Buying a house is a hugely intimidating process. At least it was for me. It was more expensive than what I make in years — incomprehensibly more expensive than anything else in my whole world — and I felt like I was signing over the rest of my life when I signed the papers.

Which brings me to the papers. There was a stack of them, I think it was six inches high (around 15cm for those of you who live in the civilized world). Theoretically, you read and understood every word before signing. There was what felt like a damn ceremony, where I went to some office, and signed papers for a few hours. If I started reading any of them, there was a pregnant stage wait. I could just feel the professionals thinking, “Oh my God. If this pointy-haired buyer keeps doing this, we’ll be here all day!” I’ve got news for them. If I’d read all those papers, we would have been there for several weeks.

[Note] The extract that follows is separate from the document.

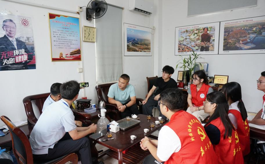 7月14日,在镇团委副书记罗大正、乡村志愿者黄钿钿的协调下,团队与党群服务中心主任吴明俊、电子商务协会党支部书记施伟浩深入交流,共商助农良策。实践团实地考察了集观光、采摘、体验于一体的旅游型黄皮农庄生态庄园,这种“以果促旅、以旅兴农”的融合创新模式,为团队思考如何借力直播等新媒体手段讲好钱东农产品故事提供了鲜活样本和深层启发。

So, in some respects, I was one of those ignorant buyers you hear about. (For instance, Krugman discussing the subprime situation, “the hundreds of thousands if not millions of American families lured into mortgage deals they didn’t understand.”) The only real difference between me and them was that when I tried to make sure I had a real estate agent I could trust, I was lucky and turned out to be right. But — and that’s a legal hole you could drive a bankruptcy through — if I’d been wrong, there could have been anything buried in that mountain of paper and I wouldn’t have known until the bills arrived. That’s true even though I’m absurdly over-educated, can do statistics and calculus, and understand a little bit about accounting and finance.

Given how easy legal obfuscation has made it to cheat people, all the professionals in the real estate and finance industries who had a part in this process do bear a great deal of the guilt for creating the situation we’re in. I’m not arguing with Krugman or anyone else who says that. The heaviest costs of digging ourselves out of this hole should fall on the financiers. Agreed.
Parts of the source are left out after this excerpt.